Readonly properties play badly with Constructor Property Promotion (CPP): doing simple processing of any argument before assigning it to a readonly property forces opting out of CPP.
This RFC proposes allowing a single reassignment of promoted readonly properties within the constructor body. This allows keeping property declarations in their compact form while still enabling validation, normalization, or conditional initialization.
PHP 8.1 introduced readonly properties, and PHP 8.0 introduced Constructor Property Promotion.

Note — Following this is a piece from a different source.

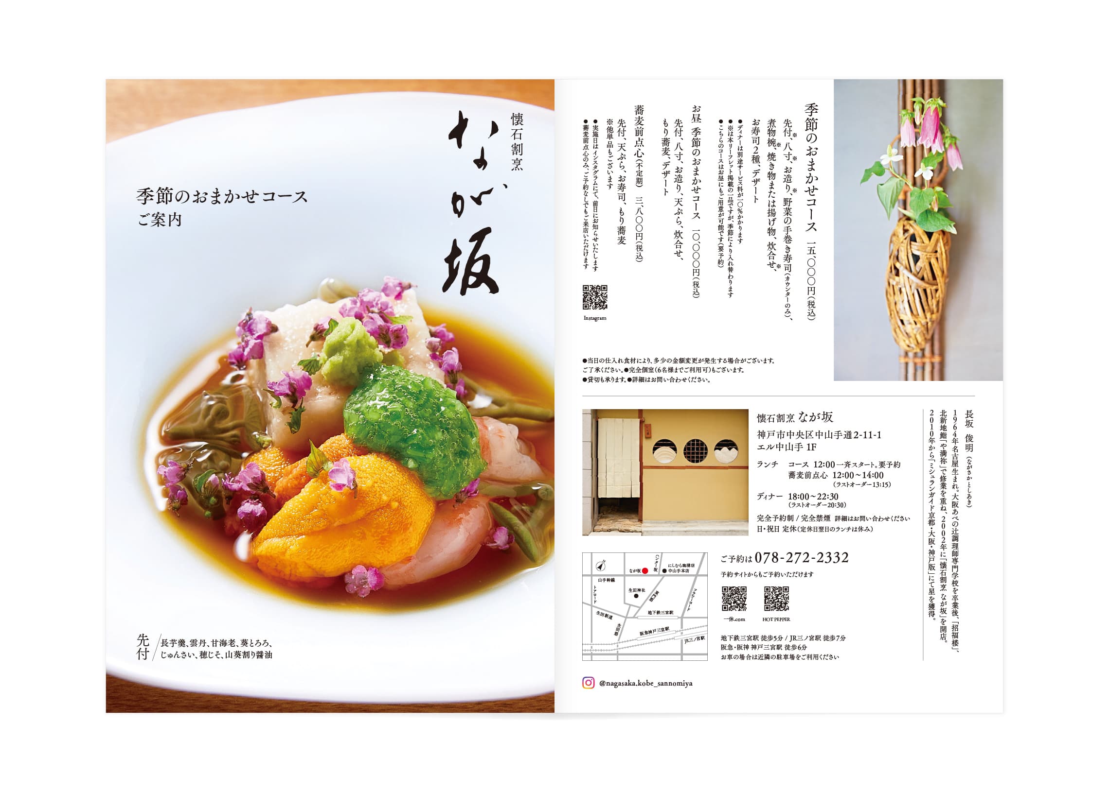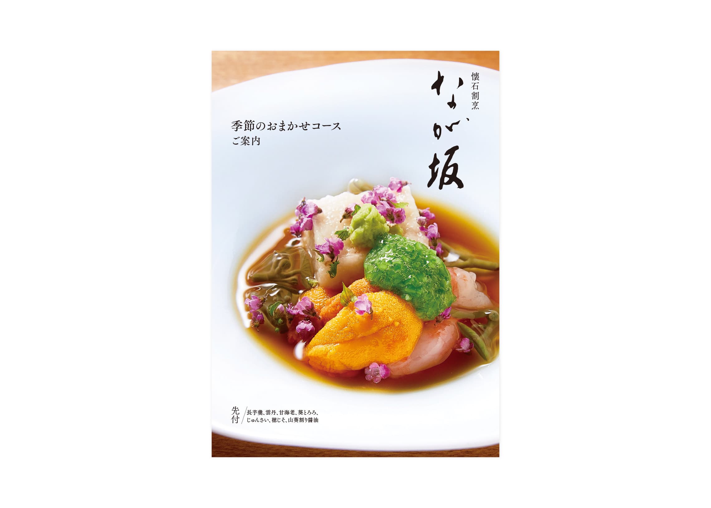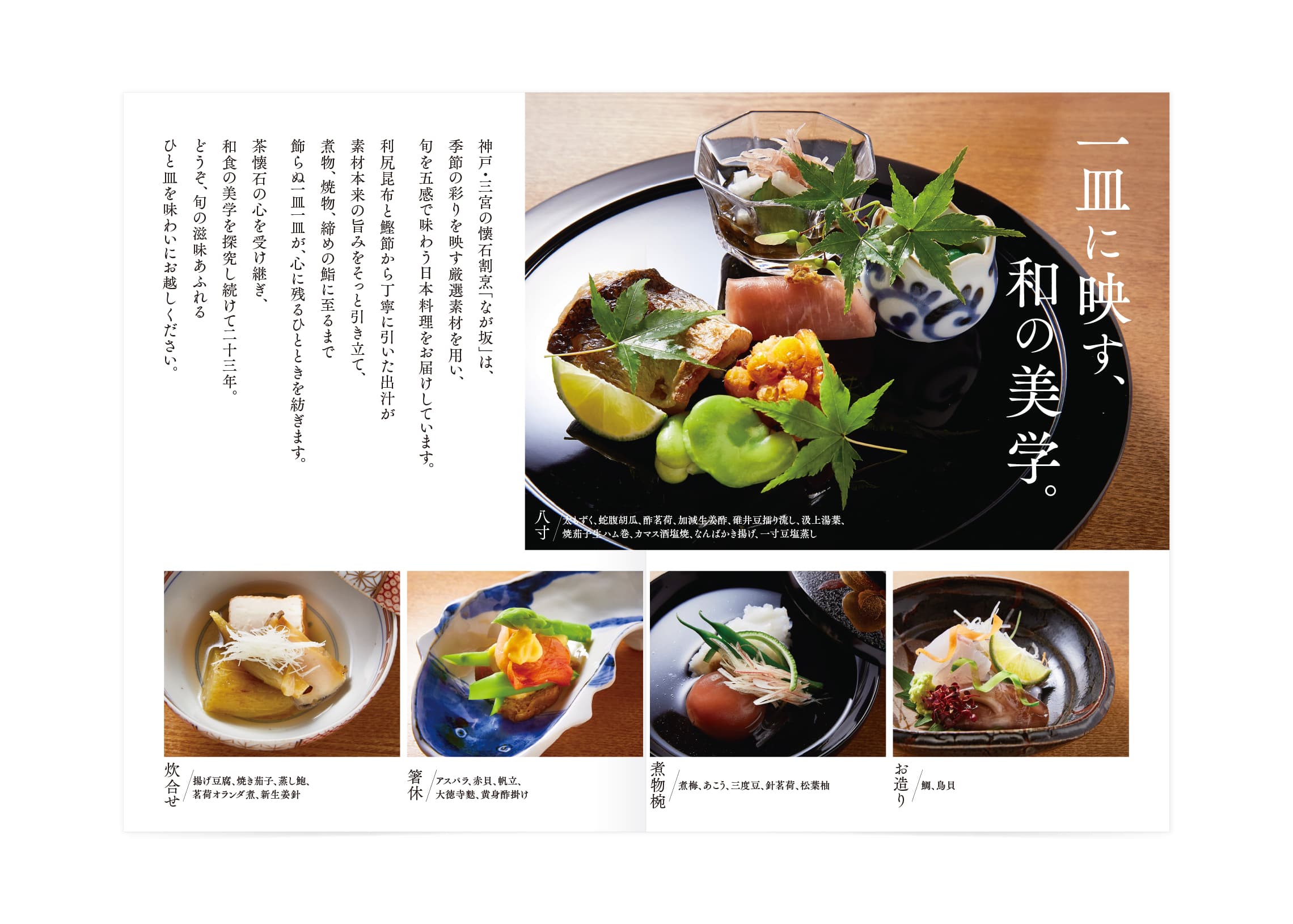 2010年から「ミシュランガイド京都・大阪・神戸版」にて星を獲得している、懐石割烹「なが坂」の 店舗紹介リーフレット を制作しました。

While these features work well, there is a usability issue when combining them.
Consider a class that needs to normalize input values:
class Point { public function __construct( public readonly float $x = 0.0, public readonly float $y = 0.0, ) { // ERROR: Cannot modify readonly property Point::$x $this->x = abs($x); $this->y = abs($y); } }
Currently, developers must choose between:
Option 1: Abandon CPP and write verbose code:
class Point { public readonly float $x; public readonly float $y; public function __construct(float $x = 0.0, float $y = 0.0) { $this->x = abs($x); $this->y = abs($y); } }
Option 2: Use default parameter expressions (limited):
class Point { public function __construct( public readonly float $x = 0.0, public readonly float $y = 0.0, ) { // Cannot use $x in default expression for $x } }
Option 3: Use property hooks (PHP 8.4+), but these have different semantics and overhead.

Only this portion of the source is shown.